• _THE PROBLEM_:
Return the full listing unchanged, apart from leaving out its images.

----- SUPPLIED MATERIAL

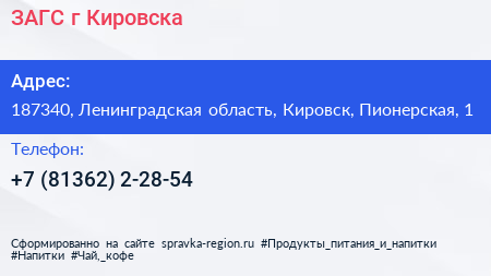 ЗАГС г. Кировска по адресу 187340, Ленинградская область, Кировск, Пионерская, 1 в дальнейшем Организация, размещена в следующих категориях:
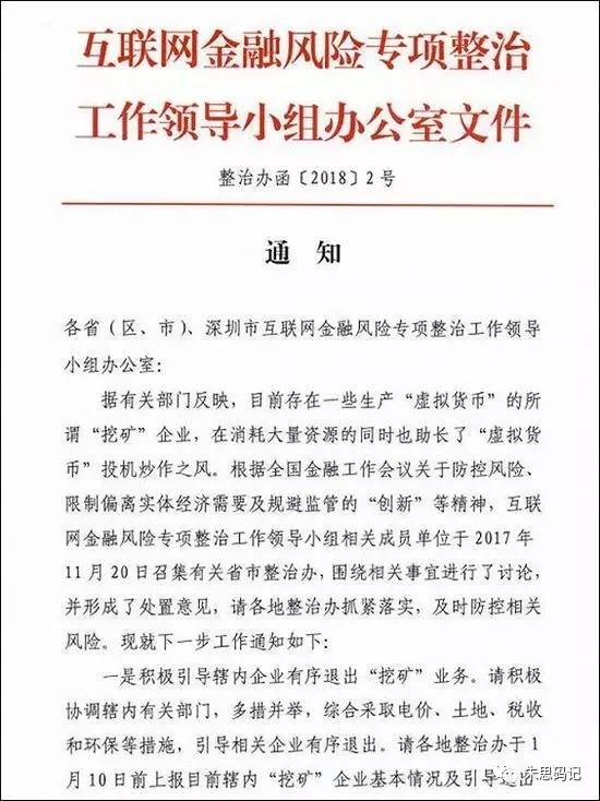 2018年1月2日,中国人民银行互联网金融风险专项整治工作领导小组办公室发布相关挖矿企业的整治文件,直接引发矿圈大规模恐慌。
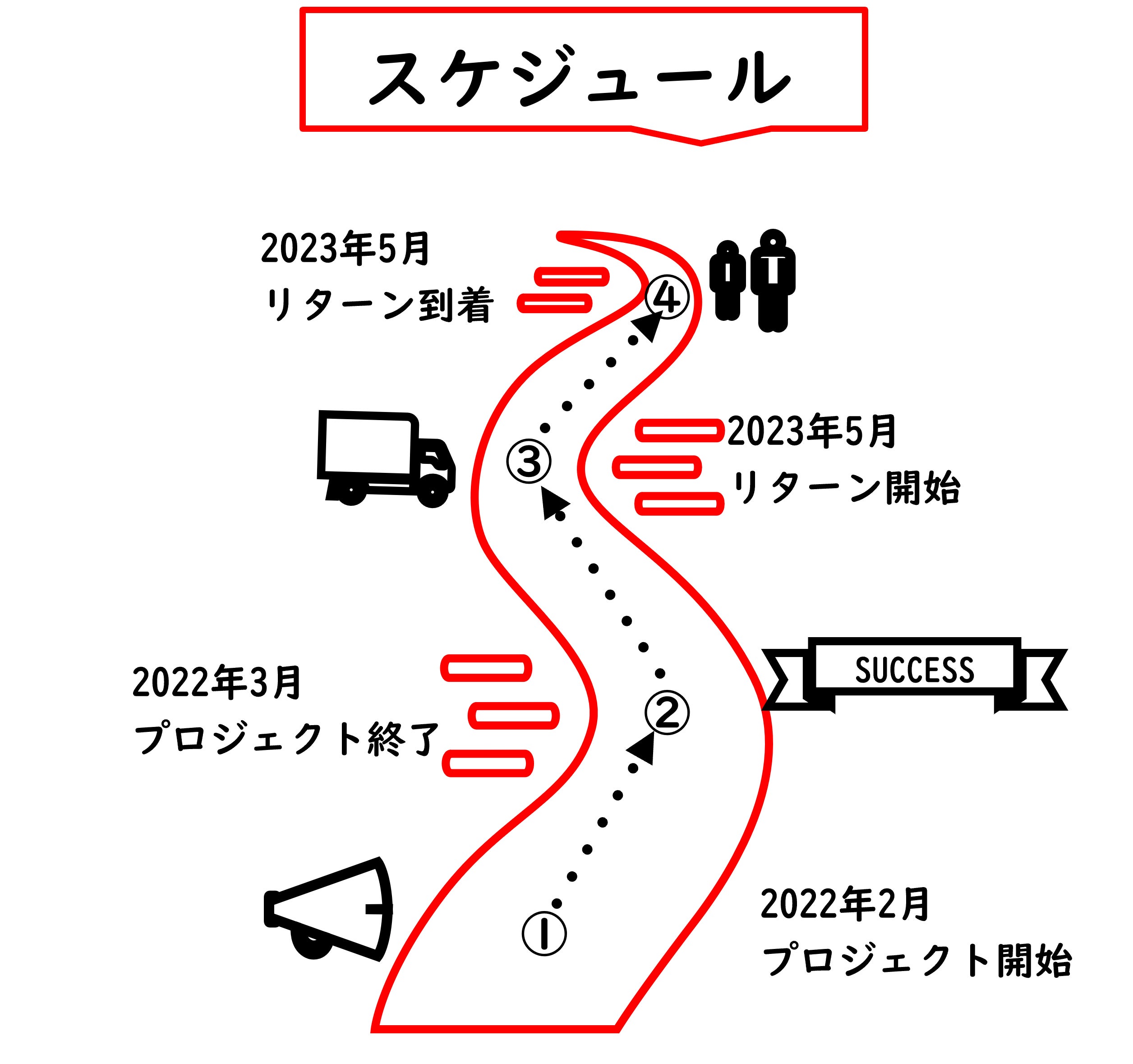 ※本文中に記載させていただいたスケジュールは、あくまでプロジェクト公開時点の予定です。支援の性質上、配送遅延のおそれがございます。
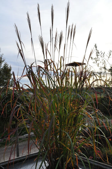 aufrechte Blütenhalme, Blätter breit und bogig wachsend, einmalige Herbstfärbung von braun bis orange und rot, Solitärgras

----------

• _RESPONSE BOX_:
 ЗАГС г. Кировска по адресу 187340, Ленинградская область, Кировск, Пионерская, 1 в дальнейшем Организация, размещена в следующих категориях:
 2018年1月2日,中国人民银行互联网金融风险专项整治工作领导小组办公室发布相关挖矿企业的整治文件,直接引发矿圈大规模恐慌。
 ※本文中に記載させていただいたスケジュールは、あくまでプロジェクト公開時点の予定です。支援の性質上、配送遅延のおそれがございます。
 aufrechte Blütenhalme, Blätter breit und bogig wachsend, einmalige Herbstfärbung von braun bis orange und rot, Solitärgras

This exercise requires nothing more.